* Instructions to follow
Each entry is to be retyped exactly as it appears, and each image is to be dropped.

= = =

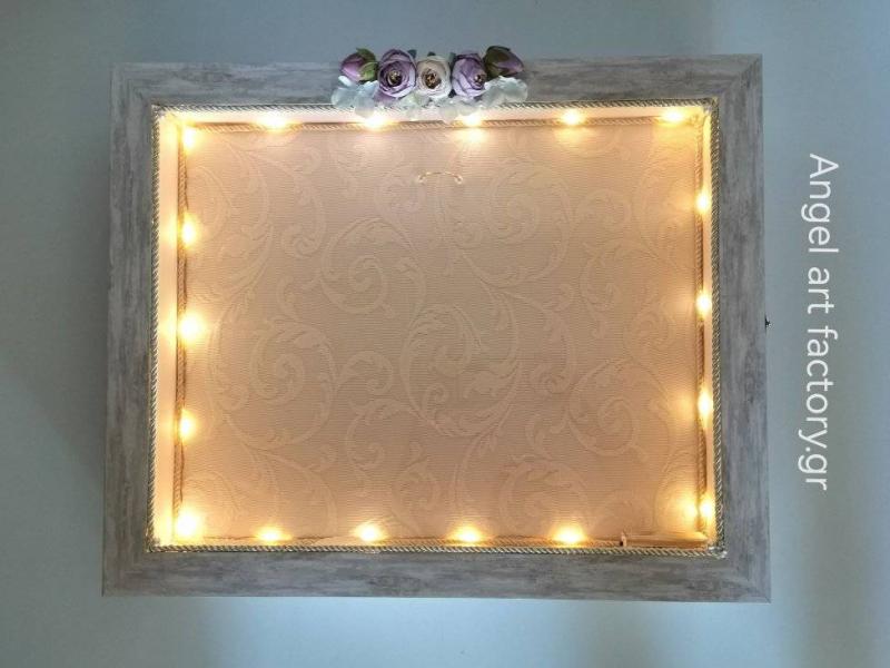 Ξύλινη χειροποίητη στεφανοθήκη με φωτισμό. Ένα έργο τέχνης για να πάρουν τα αντικείμενα του γάμου σας την θέση που τους αξίζει. Το εσωτερικό της είναι ντυμένο με δαντέλα, αν έχει εξαντληθεί η συγκεκριμένη το αντικαθιστούμε με παρόμοιο ύφασμα χωρίς να αλλάζει το τελικό αποτέλεσμα. Επικοινωνήστε μαζί μας για το ύφος και τα χρώματα που σας ταιριάζουν.
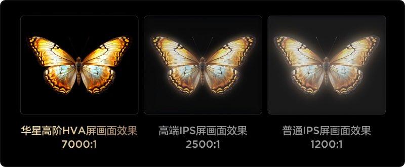 以T6L Pro搭载的蝶翼星曜屏为例,这块屏幕属于华星高阶HVA屏,让T6L Pro实现了7000:1超高原生对比度,较普通IPS屏的1200:1提升5倍以上,不仅能够提升色彩明暗层次,同时还能有效解决传统屏幕常见漏光和光晕问题,完美还原传统电视暗场画面中“肉眼不可见”的细节。
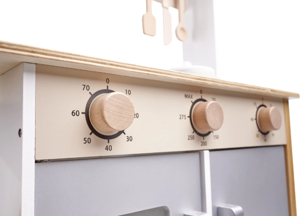 Ova kuhinjica nudi realistične funkcije, kao što su sudoper, štednjak i mikrovalna, koje djeci pripremaju na stvarnu kuhinju.
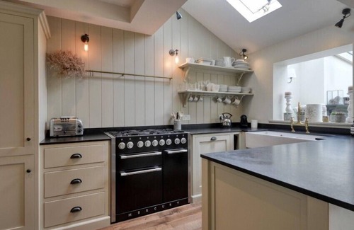 Enter through cloakroom into an wonderful open space containing dining table, wood burning stove and fully fitted kitchen, an open plan garden room connects the space with the garden and has an open fire and doors to the garden. Space for 10 to dine together and make full use of the lovely kitchen
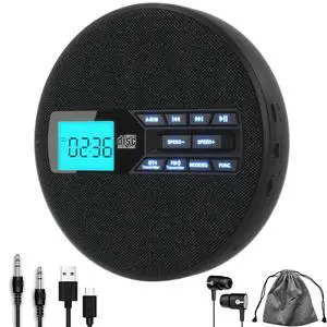M-Amazup CD Player Portable, Rechargeable Portable CD Player with Dual Speakers and Anti Skip,CD,Dual Bluetooth,FM Transmission,USB,AUX,LCD Display,Backlit Button,Repeat,10 Speeds,Fabric Black
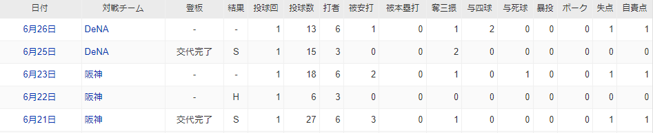 6日間で5登板と頑張ってくれております。
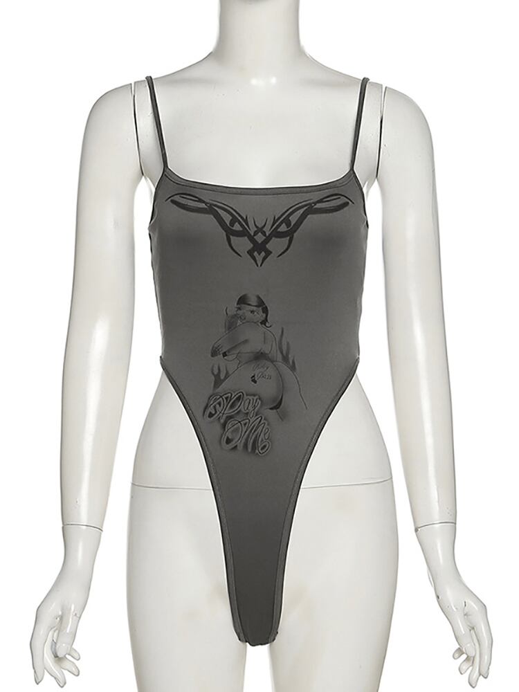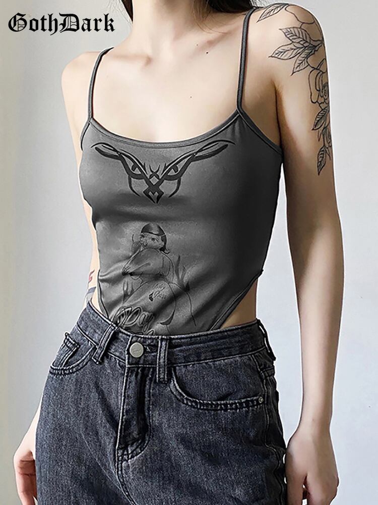 送料無料 ゴスダークグラフィックプリントゴシック美的女性ボディスーツグランジセクシーなノースリーブスキニートップス Y2k パンク夏エモボディスーツ サマー 夏物 AE155588778331542801
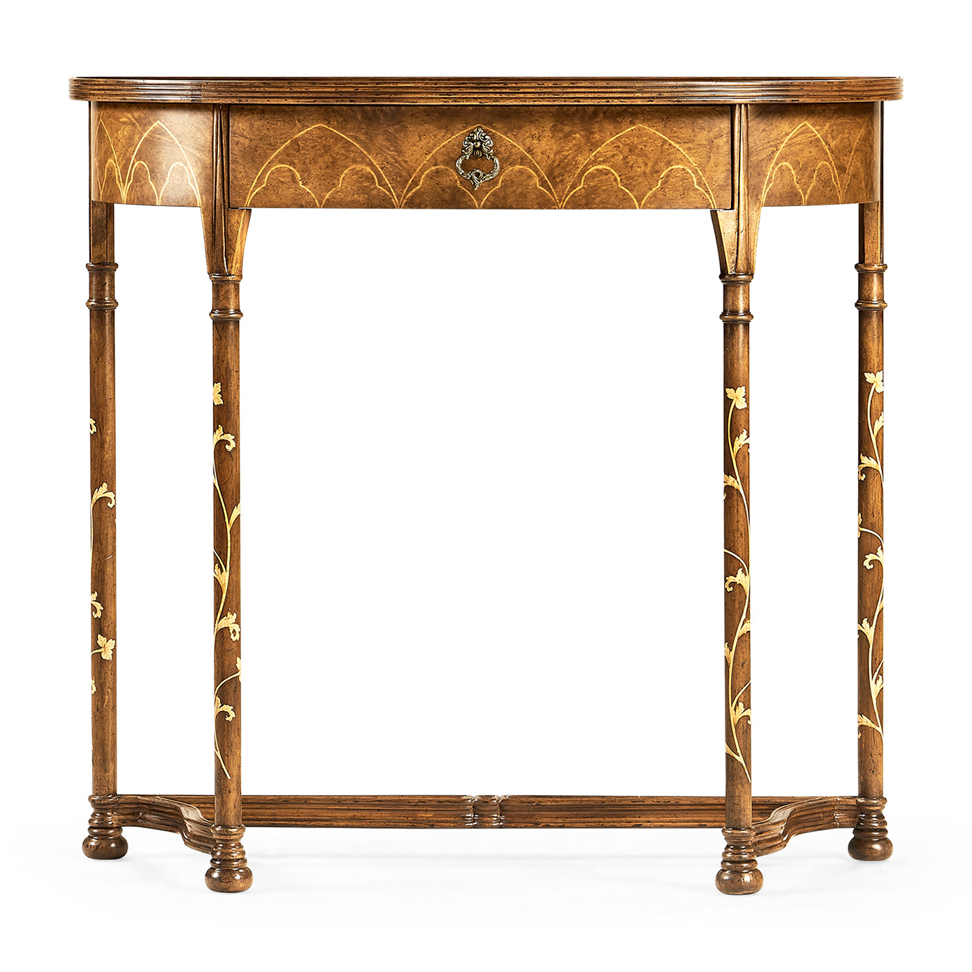 Burl walnut veneered demilune console table in the "Gothic" style of the late 18th century having fine contrasting inlays to the top and frieze, and legs with painted running floral motifs and arches. (Old salescode: 493231)

= = =

* Task output
 Ξύλινη χειροποίητη στεφανοθήκη με φωτισμό. Ένα έργο τέχνης για να πάρουν τα αντικείμενα του γάμου σας την θέση που τους αξίζει. Το εσωτερικό της είναι ντυμένο με δαντέλα, αν έχει εξαντληθεί η συγκεκριμένη το αντικαθιστούμε με παρόμοιο ύφασμα χωρίς να αλλάζει το τελικό αποτέλεσμα. Επικοινωνήστε μαζί μας για το ύφος και τα χρώματα που σας ταιριάζουν.
 以T6L Pro搭载的蝶翼星曜屏为例,这块屏幕属于华星高阶HVA屏,让T6L Pro实现了7000:1超高原生对比度,较普通IPS屏的1200:1提升5倍以上,不仅能够提升色彩明暗层次,同时还能有效解决传统屏幕常见漏光和光晕问题,完美还原传统电视暗场画面中“肉眼不可见”的细节。
 Ova kuhinjica nudi realistične funkcije, kao što su sudoper, štednjak i mikrovalna, koje djeci pripremaju na stvarnu kuhinju.
 Enter through cloakroom into an wonderful open space containing dining table, wood burning stove and fully fitted kitchen, an open plan garden room connects the space with the garden and has an open fire and doors to the garden. Space for 10 to dine together and make full use of the lovely kitchen
M-Amazup CD Player Portable, Rechargeable Portable CD Player with Dual Speakers and Anti Skip,CD,Dual Bluetooth,FM Transmission,USB,AUX,LCD Display,Backlit Button,Repeat,10 Speeds,Fabric Black
 6日間で5登板と頑張ってくれております。
 送料無料 ゴスダークグラフィックプリントゴシック美的女性ボディスーツグランジセクシーなノースリーブスキニートップス Y2k パンク夏エモボディスーツ サマー 夏物 AE155588778331542801
 Burl walnut veneered demilune console table in the "Gothic" style of the late 18th century having fine contrasting inlays to the top and frieze, and legs with painted running floral motifs and arches. (Old salescode: 493231)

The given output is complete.